Recently a comment made by an Ubisoft executive that "gamers need to get 'comfortable' not owning their games for subscriptions to take off" caused, once again, a lot of furor among gamers and gaming youtube channels.
This is nothing new, of course. This always seems to be an extremely touchy subject among gamers. The idea that they would somehow "not own" the games they have purchased, and instead the game companies dictating how, when and if they can play those games.
The funny (and ironic) thing about this is that nobody seems to be able to explain what "owning a game" even means.
Seriously. I have asked many people online, who are outraged at such a preposterous proposition as uttered by that Ubisoft executive, what exactly they mean by "owning" a video game.
Some of them never answer the question and instead go to unrelated tangents, being outraged about the idea of "subscription based" games, and companies being able to remove your right to play a game. Rather than, you know, answering the question.
Others give completely incorrect answers. They seem to think that, for example, if they have purchased the game on a disc, that they now "own" the game. Not that they own the disc, but the game itself. When they are explained that just because they own the physical material object doesn't mean that the material contained within is now their own personal private property, usually copious amounts of arguing and handwaving follows.
A good majority of the answers are strongly related to personal feelings of how things "should be", what rights the users "should have", according to the personal subjective opinions of the person. Rather than, you know, what the law actually says.
In almost 100% of cases the responses are on eventually become very agitated and angry, as if this were a very touchy subject. In most cases it seems to stem from the fact that people just can't explain properly what "owning a game" means exactly, in their view, and when the flaws and misconceptions in their (often very poor and shaky) definitions are pointed out, they get angry.
That fact is: Even though you "buy" a video game, you don't own it. It's not your video game now, it's not your private personal property for you to do whatever you want with it. The data that the game consists of is still fully the property of the company that owns the legal right to it (usually the game's publisher). Ownership of this data is not somehow transferred to you when you purchase a copy of the game.
"Owning a video game", in any other sense that the legal rights that a person or a company has to their own creation, is a rather nonsensical concept. You don't "own" the game. You can't "own" the game in any legal sense. It's not your personal property. It's still the property of the company (or sometimes individual person) who created or published it.
When you purchase a game (or any other piece of software), what you are essentially doing is purchasing a legally-binding usage license that gives you the right to use that software (with limits). This is very well defined and enforced by law in most countries.
It could be loosely compared to renting an apartment: It's "your" apartment in a loose sense (in that it's legally assigned to you personally, and nobody else, sometimes not even the owner, can just trespass it), but you still don't "own" the apartment. It's not your personal property. You have simply agreed to a contract where you pay the owner money for the right to use the apartment (and this is a contract enforceable by law).

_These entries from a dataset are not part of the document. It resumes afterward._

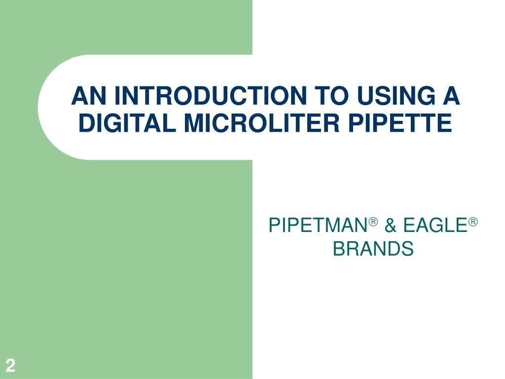 AN INTRODUCTION TO USING A DIGITAL MICROLITER PIPETTE PIPETMAN & EAGLE BRANDS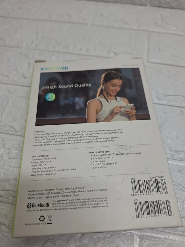 هندزفری بلوتوثی مدل RP-BH1003 راوپاور Wireless in ear neckband sport earphones with hook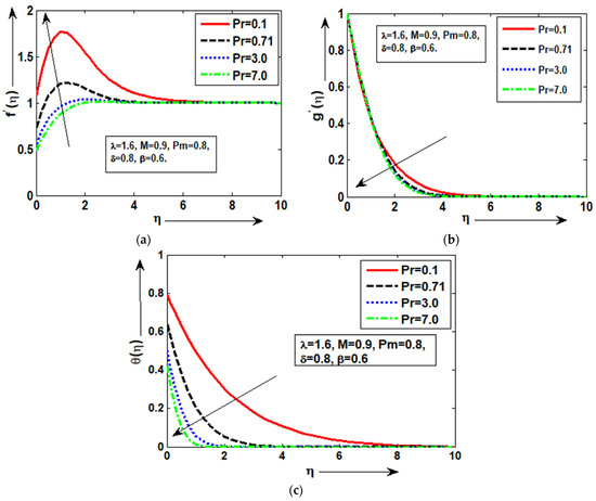 The significance of the Prandtl number is shown in Figure 2a–c for distinct values of Pr = 0.1, 0.71, 3.0, and 7.0 along the heated and magnetized plate. By maintaining some constant variables, the fluid temperature, magnetic field, and velocity are acquired in order to examine the behavior of physical attributes. In Figure 2a, it is shown that the velocity improves when Pr is less than 0.1, but falls when Pr is more than 7.0. It should be observed that the desirable variations are obtained at each Pr value and then approach the specified boundary condition asymptotically. The electromagnetic effects in the fluid in Figure 2b are at their peak at a smaller Pr = 0.1, while minor quantities are seen at larger Pr = 7.0. The fluid’s magnetic profile showed good changes at each Pr value. The temperature distribution is maximal for a small value of Pr = 0.1, but is investigated at a bigger Pr =7.0 in a noticeable way, according to Figure 2c. The presence of = 1.6 causes the temperature changes to be very noticeable along with noticeable slip effects. The above reaction was anticipated since a rise in Pr is associated with higher temperature-dependent density variation, which enhances the buoyant force. When Pr grows, the thickness of the thermodynamic boundary layer diminishes. At each amount of Pr, the temperature plot demonstrates significant temperature slip with significant variance. The velocity field, magnetic plot, and temperature distribution for different quantities of = 0.1, 0.7, 1.5, and 2.5 along the surface of heated and magnetically chargedsurfacesare shown in Figure 3a–c.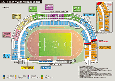 ※「SS指定席」「メイン指定席」「Sゾーン」「SGゾーン」「A指定席」「コーナー指定席」および「Aゾーン」の一部での鳴り物の使用、立ち上がっての応援、大旗振り等の応援活動は禁止されております。応援ゾーンの詳細はこちらをご確認ください。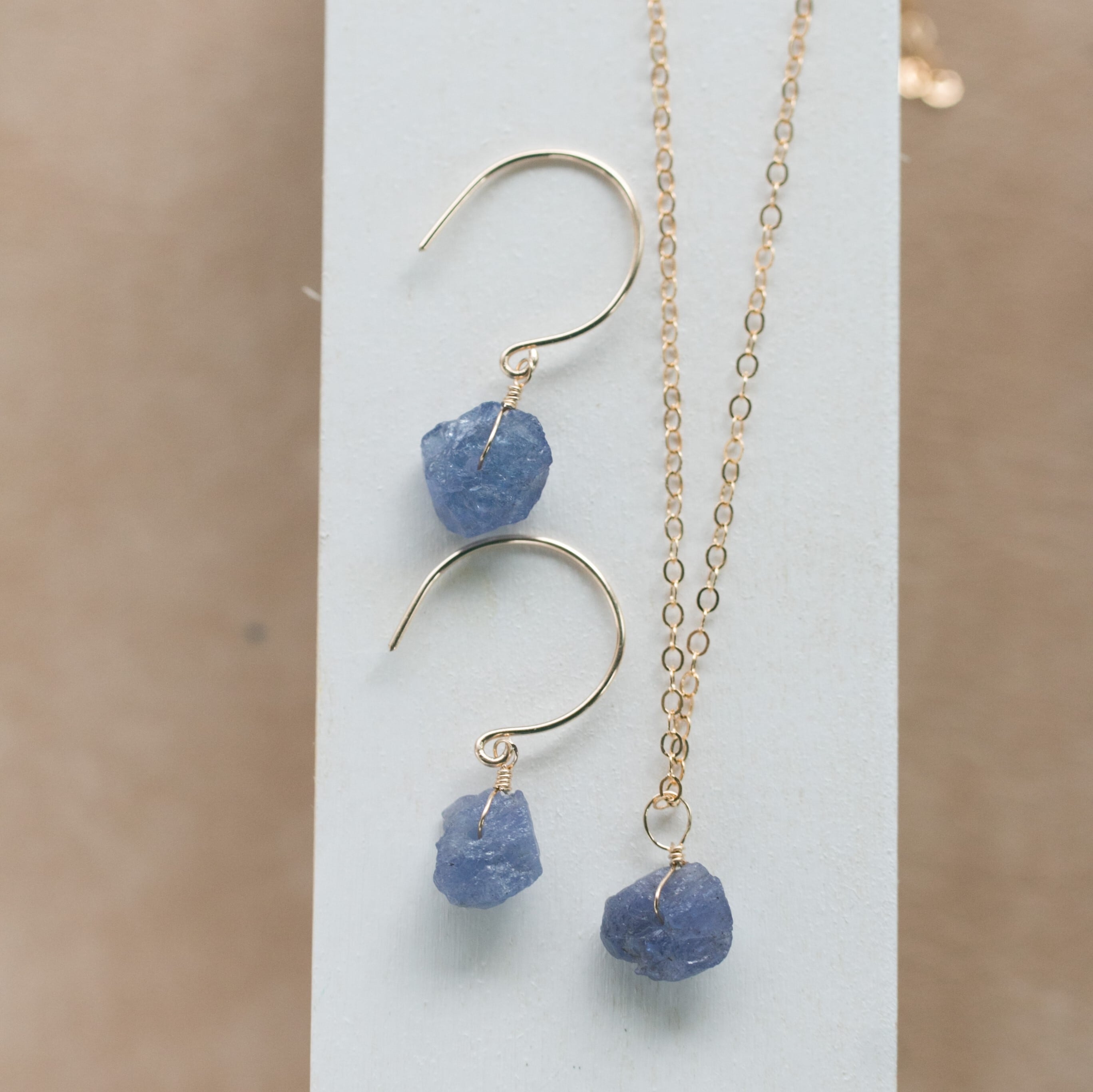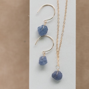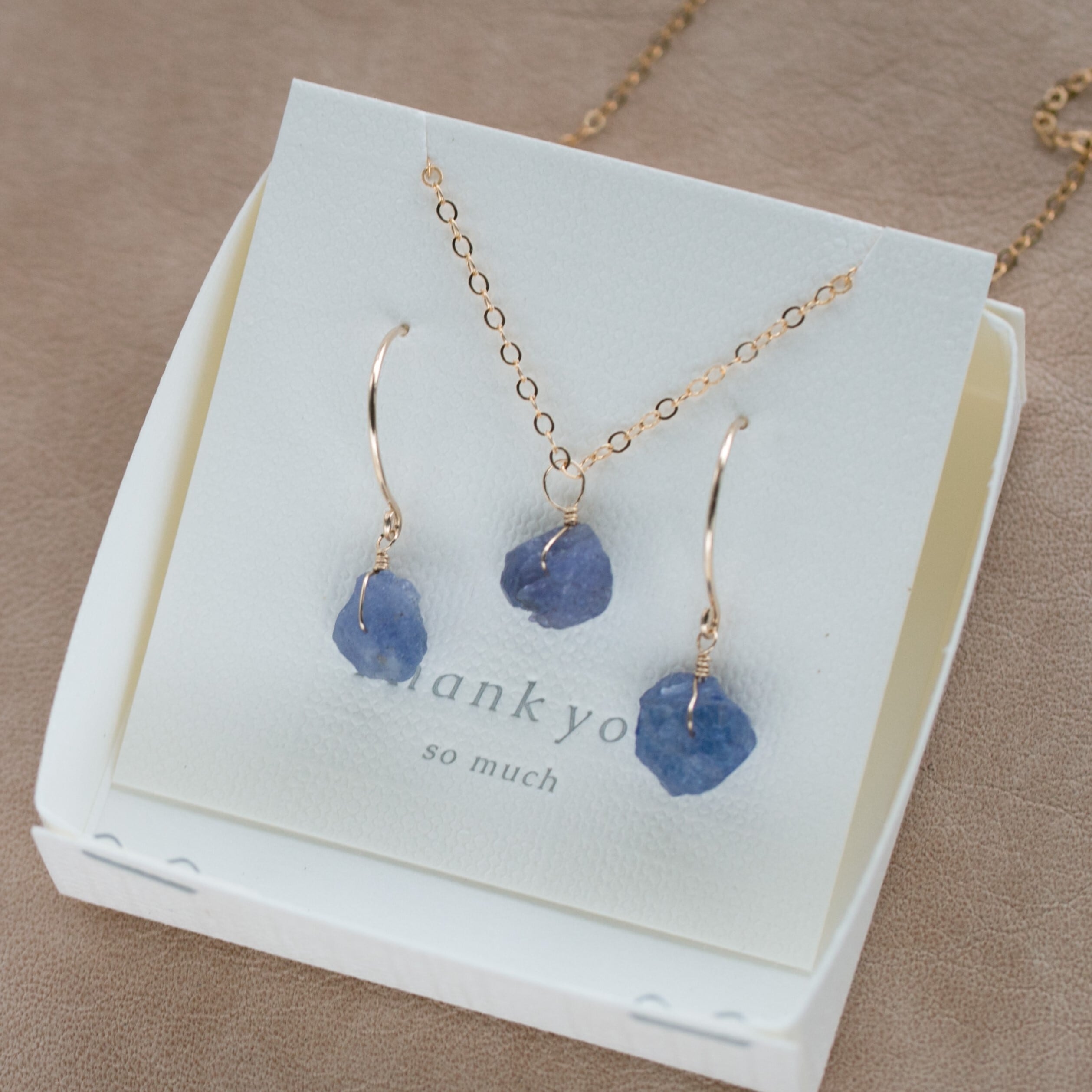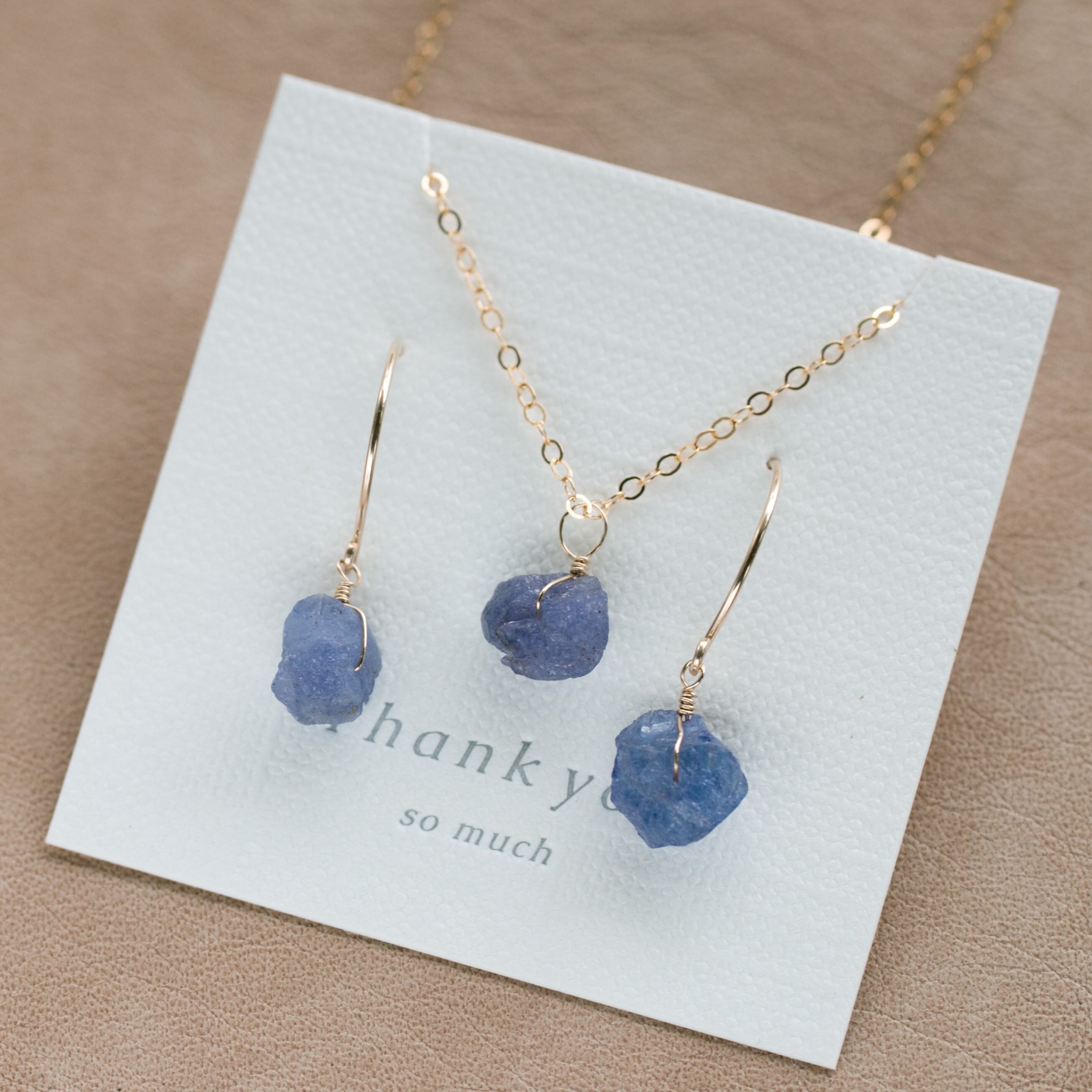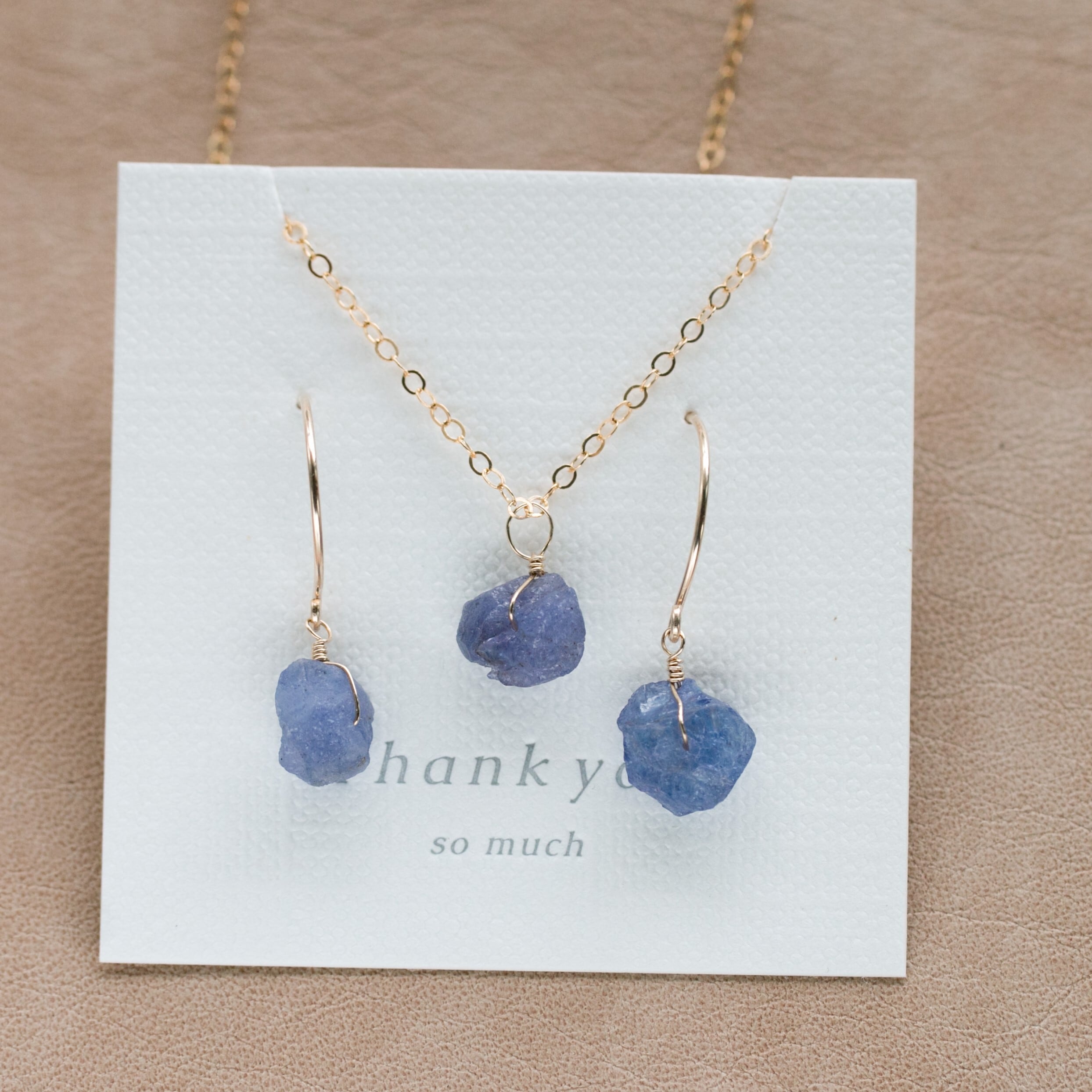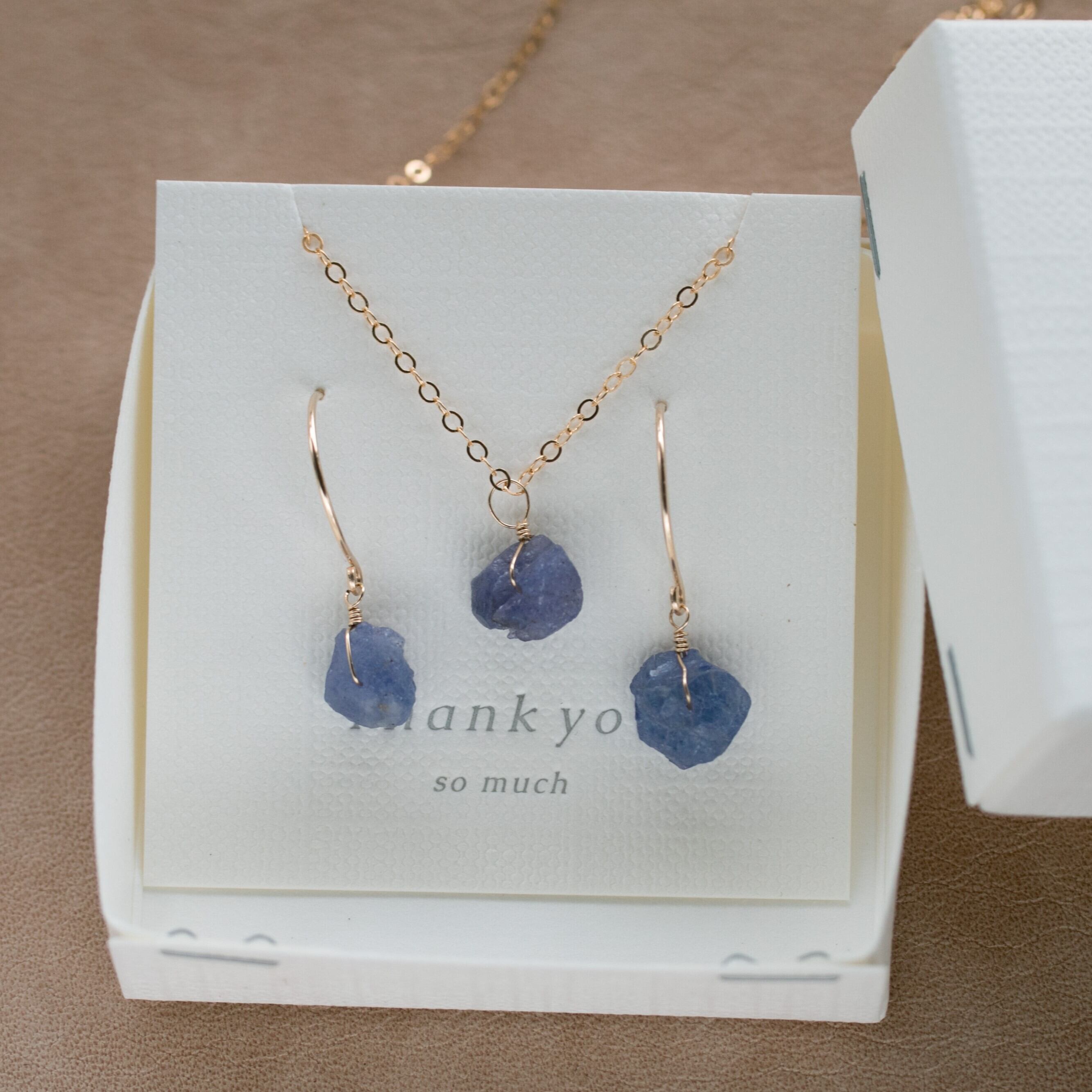 ギフトラッピング無料☆レア☆タンザナイト原石ラフカットAAA★一粒ペンダントとピアスのセット☆14kgfフックピアス・イヤリングへの変更無料♪

In the same sense when you purchase a game, what you are actually purchasing is a right to use the software. You are not purchasing the game itself, the intellectual property itself. You are merely purchasing a legal right to use it (with some limits). It is, in a sense, an implicit legally binding contract, a license agreement, between you and the company that actually owns the game.
If you purchase the game in a physical medium, then you do genuinely own the physical object (at least in most jurisdictions, and sometimes depending on the particular usage license), but only the object itself. You still don't own the data stored in that object. It's not yours to use however you please. (For example in the vast majority of jurisdictions it would be illegal for you to copy the data and start selling it. It's not yours to copy and sell.)
In this sense "owning a game" could be used to merely mean "having paid the game's owner for the right to use the game, ie. paid for a usage license". However, while a handy shortcut, I still don't like it because it can so easily be (and very, very often is) confused with the ownership of physical objects, like owning a hammer or a microwave oven.
In this sense, I don't see that sentiment that "gamers need to get comfortable not owning their games" as something preposterous. They already don't own their games. Nobody does (unless you have written the game yourself.) There is nothing that would change in this scenario.
Relating to ownership, that is. Of course what the Ubisoft executive is actually talking about is changing the traditional usage license of video games to a different one, where you don't purchase a lifetime right to use the game. "Not owning the game" is just extremely poor wording to express this.
A more technically accurate way of expressing the same thing would be something like: "Ubisoft exec says gamers need to get 'comfortable' not getting a lifetime usage license for their games for subscriptions to take off." But of course that's less catchy.